Cyberattaques et incidents d'infrastructure
Les responsables électoraux russes ont signalé des cyberattaques persistantes contre l'infrastructure de vote électronique et les systèmes de télécommunications pendant le vote de trois jours. La présidente de la Commission électorale centrale, Ella Pamfilova, a déclaré que le système de vote électronique à Moscou avait fait l'objet d'une attaque nocturne intense, affirmant que la plateforme fonctionnait en toute sécurité sans fuite de données. Le ministère du Développement numérique a signalé une tentative de sabotage distincte visant les lignes de communication en Extrême-Orient, où les autorités ont indiqué que les connexions avaient été rétablies. Environ 100 000 électeurs à Moscou ont voté par voie électronique dans la nuit de vendredi à samedi matin malgré les perturbations signalées. Vladimir Putin a voté par voie électronique vendredi et a accusé les autorités ukrainiennes de tenter d'interférer dans le processus électoral.
- La Cour suprême russe interdit au parti anti-guerre Iabloko de présenter des candidats sur listes
- La Commission électorale centrale déclare avoir repoussé des cyberattaques contre la plateforme GAS Vybory
- Le scrutin de trois jours pour la Douma s'ouvre sur 11 fuseaux horaires tandis que Vladimir Putin vote par voie électronique
- Les autorités signalent des cyberattaques nocturnes contre le vote électronique à Moscou et les lignes de télécommunications en Extrême-Orient
- Le vote se termine dans toute la Russie et les territoires ukrainiens occupés
Exclusions de l'opposition et enjeux parlementaires
Les élections se sont déroulées sous des restrictions politiques strictes, les candidats anti-guerre étant largement exclus des listes de parti. La Cour suprême a statué en août 2026 que le parti libéral Iabloko, qui prône un cessez-le-feu en Ukraine, avait violé la réglementation électorale, disqualifiant sa liste de candidats.
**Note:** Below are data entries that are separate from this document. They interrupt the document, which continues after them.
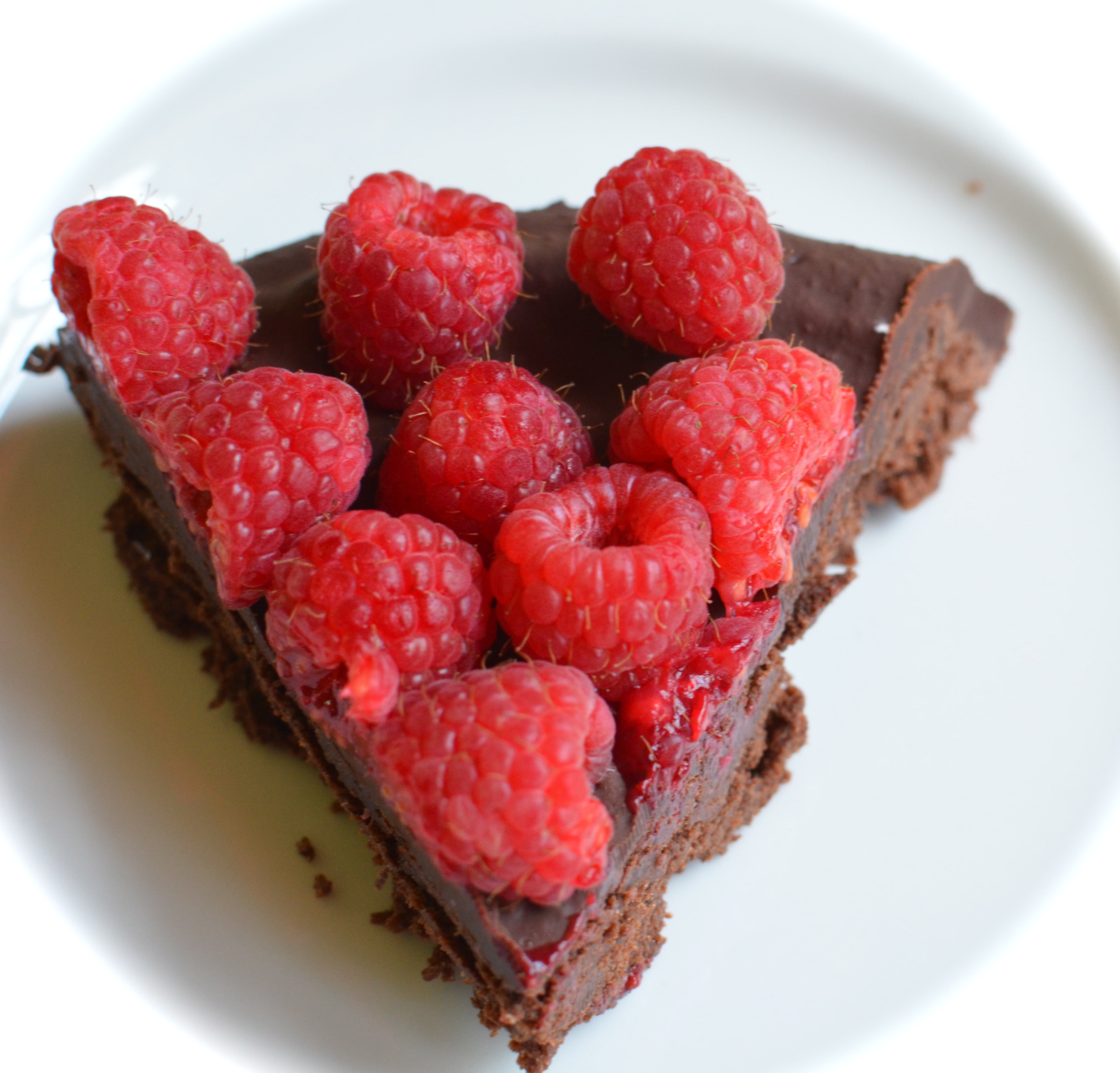 Hazelnuts and top shelf chocolate make this cake super special. The raspberries make it look as good as it tastes.
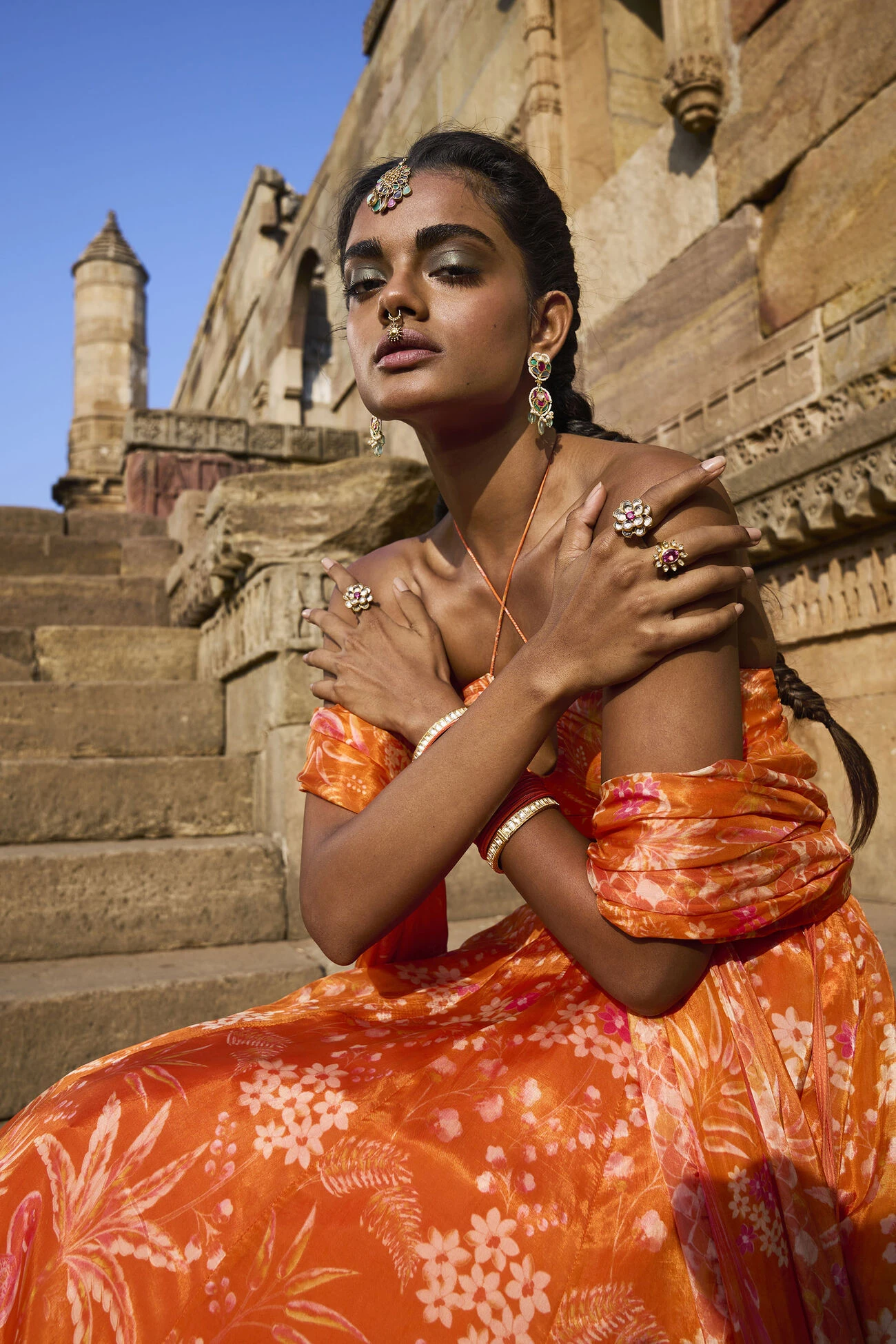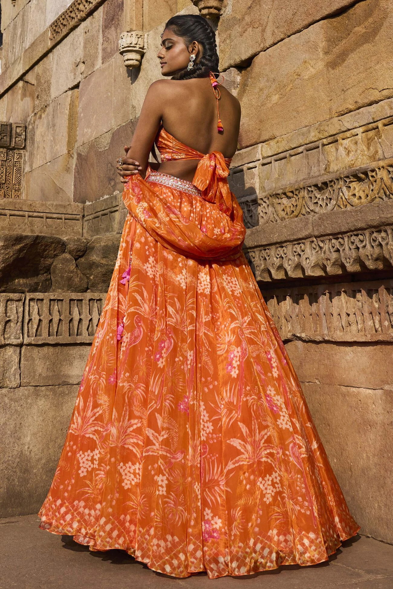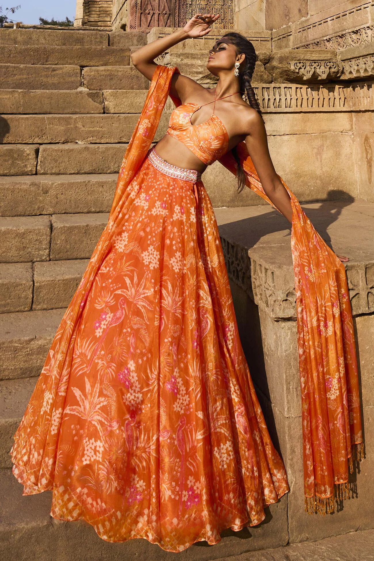This striking orange lehenga set, paired with a cap-sleeved choli, is imbued with the spirit of the tropics. The eclectic mix of prints show magpies weaving in and out of floras, framed against subtle shimmering embroidery. The voluminous fabric is light and is made up of sustainable fibres that are eco-conscious and love nature. The look is framed with pockets.
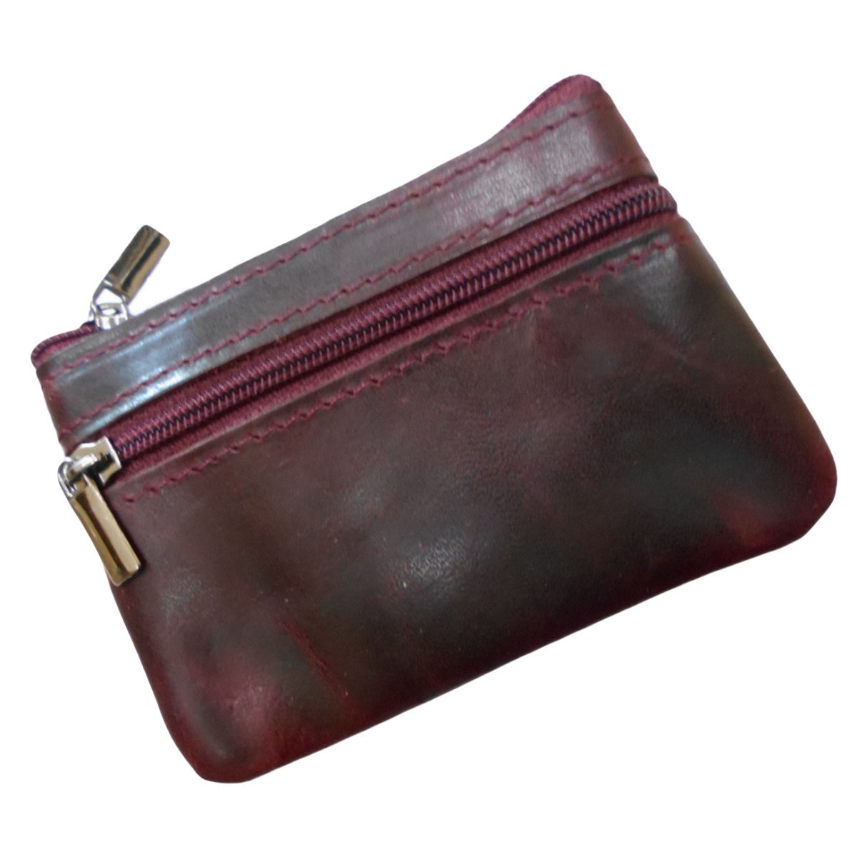 - コインケース レザー調/ダークレッド/ダブルファスナー カード 小銭入れ 男性 女性 レディース メンズ 財布
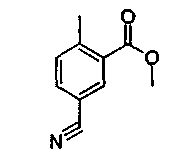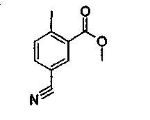 Раствор метилового эфира 2-метил-5-нитробензойной кислоты (1,50 г, 7,8 ммоль) в смеси 4:1 MeOH/EtOAc (20 мл) встряхивали при комнатной температуре с суспензией 10% Pd/C (175 мг, 0,17 ммоль) в атмосфере водорода при 35 фн/дюйм2 (241 кПа) в течение 17 часов. Катализатор удаляли фильтрованием через целит и фильтрат концентрировали в вакууме, получая бледно-желтое масло (1,29 г, 99%). 1Н ЯМР (CDCl3) Получение метилового эфира 5-циано-2-метилбензойной кислоты
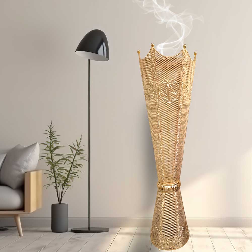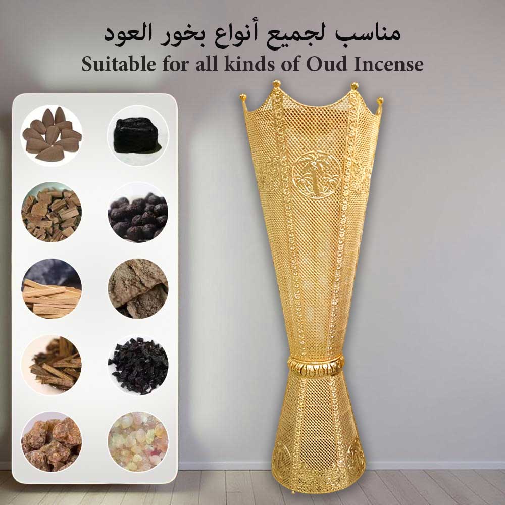 Bakhoor BoSidin – Large Size Bukhoor Incense Burner 100 cm tall Floor-Standing Oud Holder Charcoal Censer Gold- 868
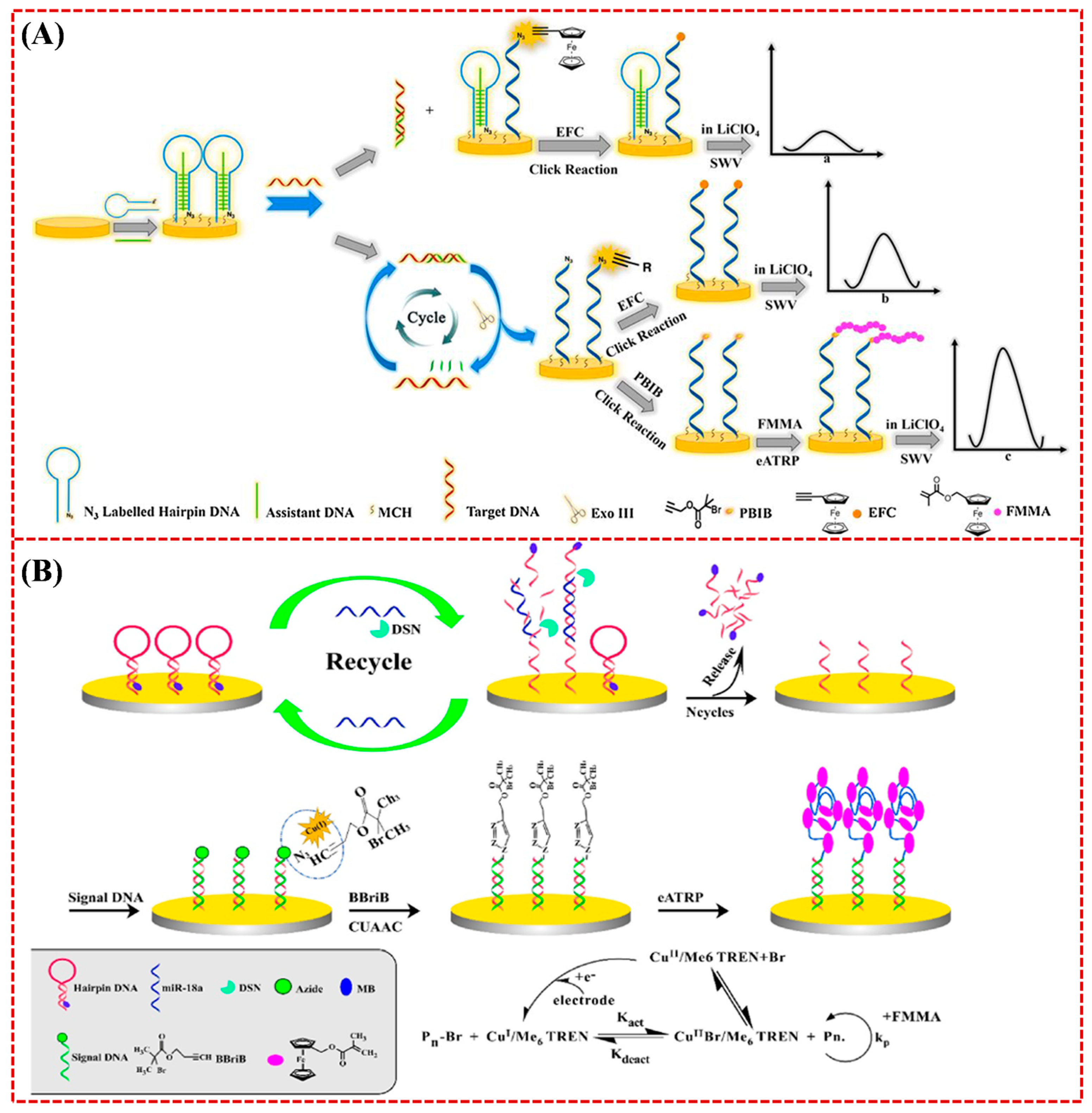 Figure 14. (A) The principle of nucleic acid detection based on Exo III-mediated target cycling and eATRP double signal amplification [129]. Copyright 2021 Elsevier. (B) Schematic of the fabrication route to the biosensor [132]. Copyright 2021 Elsevier.

Les candidats d'Iabloko n'étaient autorisés à se présenter que dans les circonscriptions uninominales, qui représentent la moitié des 450 sièges de la Douma d'État. Le vote a eu lieu dans un contexte de tensions économiques intérieures et de frappes de drones ukrainiens contre des raffineries et des dépôts de carburant russes. Russie unie a cherché à préserver sa domination après avoir obtenu 324 sièges lors des précédentes élections à la Douma, dépassant le seuil de 300 sièges requis pour les modifications constitutionnelles.
- Seuil de majorité constitutionnelle
- 300 sièges
- Russie unie (élection précédente)
- 324 sièges
- Total des sièges à la Douma
- 450 sièges
Frictions internationales et préoccupations sécuritaires
Le scrutin a déclenché des tensions diplomatiques avec la Moldavie au sujet de la décision de Moscou d'ouvrir 15 bureaux de vote dans le territoire séparatiste de Transnistrie. Les responsables russes ont déclaré que 220 000 résidents titulaires d'un passeport russe en Transnistrie avaient le droit de participer, malgré les objections formelles du gouvernement de Chișinău. Les gouvernements européens ont renforcé les mesures de sécurité intérieure après les évaluations des services de renseignement occidentaux concernant d'éventuelles escalades post-électorales. Le président français Emmanuel Macron a ordonné aux autorités de mettre en œuvre des plans de protection des infrastructures critiques et des industries de défense nationale contre le sabotage. Le Premier ministre polonais Donald Tusk a averti que la Russie préparait des provocations contre les pays soutenant l'Ukraine, dans l'intention de présenter d'éventuels incidents de missiles comme des accidents pour tester la cohésion de l'OTAN.